В чем особенность развития российского государства и что не позволяло ему интегрироваться в Запад, — об этом «Культура» поговорила с Георгием Дерлугьяном, известным историческим социологом, профессором Нью-Йоркского университета в Абу-Даби.

— Георгий Матвеевич, как бы вы описали феномен Запада? Из чего сплетается эта цивилизация?

— Запад — это капитализм. А капитализм — это система, в которой делаются деньги. Это если совсем по-простому. И складывается эта система на Западе на излете средних веков.

До этого власть, как правило, занималась захватом территорий и обогащением за счет примитивной ренты. Как, например, в Древнем Риме, где Юлий Цезарь, если посмотреть на это политэкономически, во время своих походов занимался инвестициями.
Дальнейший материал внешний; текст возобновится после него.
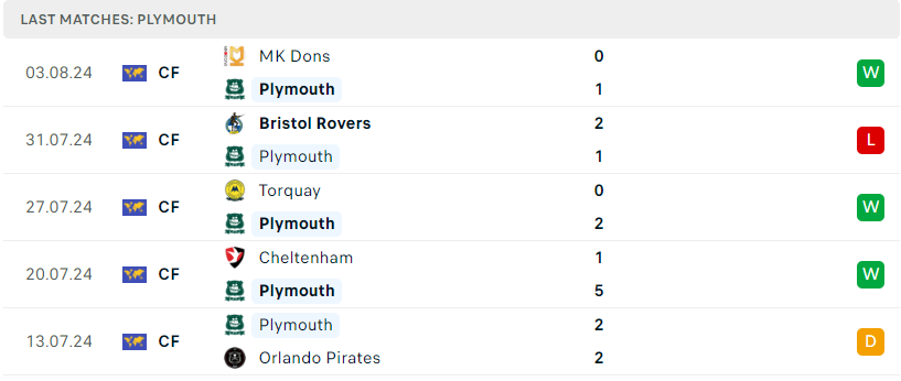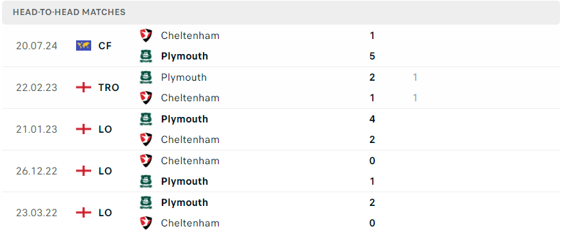 Trong cả 5 lần đụng độ gần nhất thì Plymouth Argyle cũng đã toàn thắng trước Cheltenham Town, đáng nói trong cuộc đụng độ giao hữu 1 tháng trước thì đội chủ sân Home Park cũng đã nhẹ nhàng đánh bại đối thủ với tỉ số 5-1. Nhiêu đó thôi cũng đã đủ để thấy được phần nào sức mạnh của đoàn quân Wayne Rooney. Sức mạnh sân nhà cùng với thực lực vốn có, Plymouth vẫn sẽ nhẹ nhàng ghi tên vào vòng kế tiếp.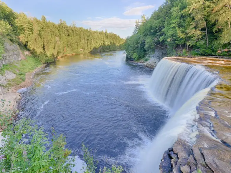 También le encantará pasar tiempo en el Parque Estatal Tahquamenon Falls debido a sus grandes cascadas y otras bellezas naturales. Este parque alberga una de las cascadas más grandes al este del río Mississippi. El agua de las cataratas es típicamente marrón y espumosa, ¡algunos visitantes la describen como cerveza de raíz! Aquí encontrará alrededor de 40 millas de senderos para caminatas que pasan por arroyos, flores silvestres y bosques. Acampar aquí es popular en el verano, mientras que el esquí de fondo y las raquetas de nieve son excelentes maneras de pasar un día de invierno en el parque.

Он доставал несколько миллионов сестерциев, набирал солдат, подкупал политиков, которые придумывали повод для войны, и потом шел в Галлию, чтобы грабить. В этой модели пролетариат — это римский легионер, который продает свою рабочую силу и захватывает рабов и территорию для Цезаря.

Западный капитализм в этом смысле довольно сложно устроенная система. А до его появления все работало гораздо проще. Что называется — «по понятиям». Ты контролируешь кусок территории, собираешь с него дань, как русские братки в 1990-х годах, и при случае помогаешь другим браткам на «войне». Макс Вебер называл это «вооруженными домохозяйствами». Именно таким простым образом делались деньги до возникновения западного капитализма.

— А в чем сложность западного капитализма? В чем он принципиально устроен по-другому?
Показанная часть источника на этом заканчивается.